Copy out all the lines of the data precisely, omitting any pictures.

BEGIN The records

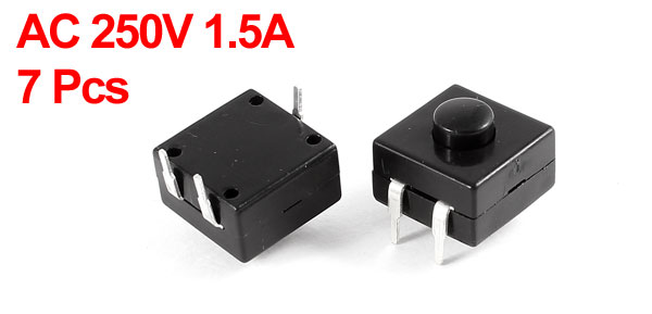 7 Pcs Vertical 3 Pins Push Button Switch Black AC 250V 1.5A for Electric Torch
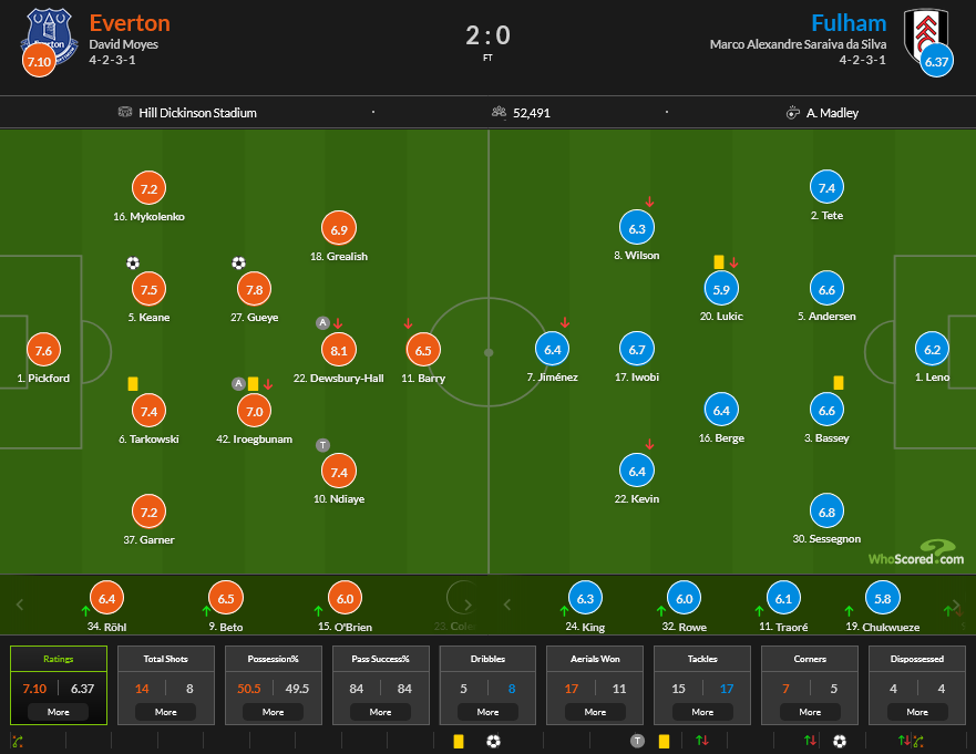 Η Έβερτον επέστρεψε στις νίκες με μια πειστική εμφάνιση απέναντι στη Φούλαμ, επικρατώντας με 2-0 στο Hill Dickinson Stadium. Η ομάδα του David Moyes έδειξε αποφασισμένη να κλείσει με θετικό πρόσημο πριν τη διακοπή των εθνικών ομάδων και πρόσφερε ίσως την πιο ολοκληρωμένη εμφάνισή της στη σεζόν. Οι Idrissa Gana Gueye και Michael Keane ήταν οι σκόρερ της νίκης μιας Έβερτον που σκόραρε 3 ακόμα γκολ που ήταν όμως οφ-σαίντ.
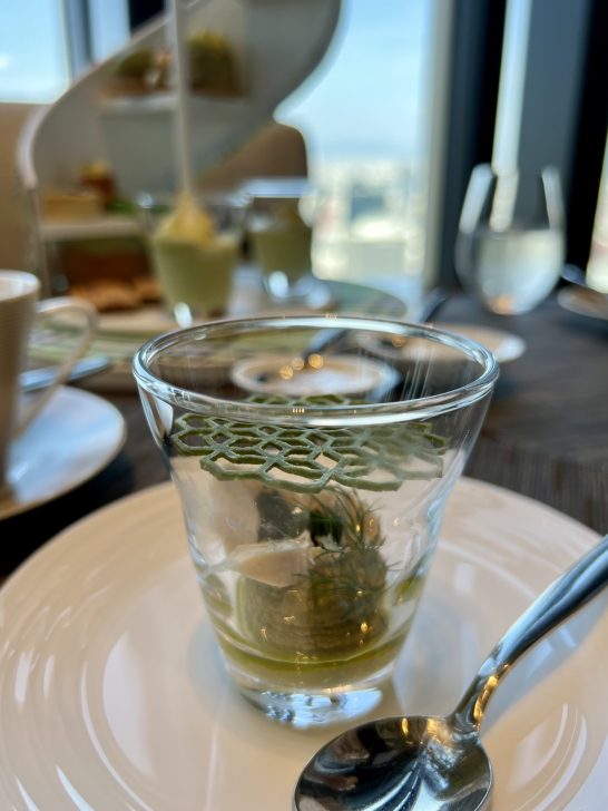 抹茶のチュイルが一際華やかだったチキンとピスタチオフムスのセイボリー。サクサクを予想していけれど、意外にしっかりしたチュイルでした。
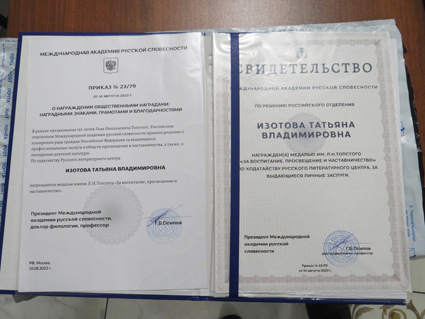 5 – Татьяна Берцева с дипломом премии «Дверь в лето»; 6 – Медаль имени Л.Н.Толстого; 7 – Документы к медали; 8 – Благодарственное письмо и благодарность
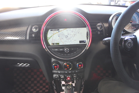 最新のミニって変わりましたね。元々メーターだったパネル部分に、ナビが埋め込まれています!

END The records

Written response =
 7 Pcs Vertical 3 Pins Push Button Switch Black AC 250V 1.5A for Electric Torch
 Η Έβερτον επέστρεψε στις νίκες με μια πειστική εμφάνιση απέναντι στη Φούλαμ, επικρατώντας με 2-0 στο Hill Dickinson Stadium. Η ομάδα του David Moyes έδειξε αποφασισμένη να κλείσει με θετικό πρόσημο πριν τη διακοπή των εθνικών ομάδων και πρόσφερε ίσως την πιο ολοκληρωμένη εμφάνισή της στη σεζόν. Οι Idrissa Gana Gueye και Michael Keane ήταν οι σκόρερ της νίκης μιας Έβερτον που σκόραρε 3 ακόμα γκολ που ήταν όμως οφ-σαίντ.
 抹茶のチュイルが一際華やかだったチキンとピスタチオフムスのセイボリー。サクサクを予想していけれど、意外にしっかりしたチュイルでした。
 5 – Татьяна Берцева с дипломом премии «Дверь в лето»; 6 – Медаль имени Л.Н.Толстого; 7 – Документы к медали; 8 – Благодарственное письмо и благодарность
 最新のミニって変わりましたね。元々メーターだったパネル部分に、ナビが埋め込まれています!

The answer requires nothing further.